2. Model & Tokenizer Loading
Load the base Llama-2-7b-chat model with 4-bit quantization to fit in memory.

In [2]:
import torch
from datasets import load_dataset
from peft import LoraConfig, PeftModel, prepare_model_for_kbit_training
from transformers import (
    AutoModelForCausalLM,
    AutoTokenizer,
    BitsAndBytesConfig,
    TrainingArguments,
    pipeline,
    logging,
)
from trl import SFTTrainer

# 1. Model Configuration
# We use a "Chat" version of Llama or Mistral which is great for following instructions
model_name = "nousresearch/llama-2-7b-chat-hf"

# Quantization Config (Makes the model 4x smaller to fit in memory)
bnb_config = BitsAndBytesConfig(
    load_in_4bit=True,
    bnb_4bit_quant_type="nf4",
    bnb_4bit_compute_dtype=torch.float16,
    bnb_4bit_use_double_quant=False,
)

# 2. Load Base Model
model = AutoModelForCausalLM.from_pretrained(
    model_name,
    quantization_config=bnb_config,
    device_map={"": 0}
)
model.config.use_cache = False # Silence warnings during training
model.config.pretraining_tp = 1

# 3. Load Tokenizer
tokenizer = AutoTokenizer.from_pretrained(model_name, trust_remote_code=True)
tokenizer.pad_token = tokenizer.eos_token # Fix padding issues
tokenizer.padding_side = "right" # Fix mixed-precision issues

print("Model and Tokenizer loaded!")

The secret `HF_TOKEN` does not exist in your Colab secrets.
To authenticate with the Hugging Face Hub, create a token in your settings tab (https://huggingface.co/settings/tokens), set it as secret in your Google Colab and restart your session.
You will be able to reuse this secret in all of your notebooks.
Please note that authentication is recommended but still optional to access public models or datasets.

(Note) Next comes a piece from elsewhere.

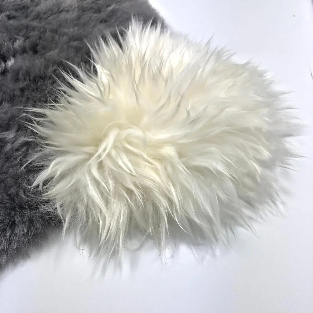 Bunny Rabbit Nursery Rug Grey Sheepskin With Long Wool Pompom Tail

config.json:   0%|          | 0.00/583 [00:00<?, ?B/s]

model.safetensors.index.json: 0.00B [00:00, ?B/s]

Downloading (incomplete total...): 0.00B [00:00, ?B/s]

Fetching 2 files:   0%|          | 0/2 [00:00<?, ?it/s]

Loading weights:   0%|          | 0/291 [00:00<?, ?it/s]

generation_config.json:   0%|          | 0.00/200 [00:00<?, ?B/s]

tokenizer_config.json:   0%|          | 0.00/746 [00:00<?, ?B/s]

tokenizer.json: 0.00B [00:00, ?B/s]

tokenizer.model:   0%|          | 0.00/500k [00:00<?, ?B/s]

added_tokens.json:   0%|          | 0.00/21.0 [00:00<?, ?B/s]

special_tokens_map.json:   0%|          | 0.00/435 [00:00<?, ?B/s]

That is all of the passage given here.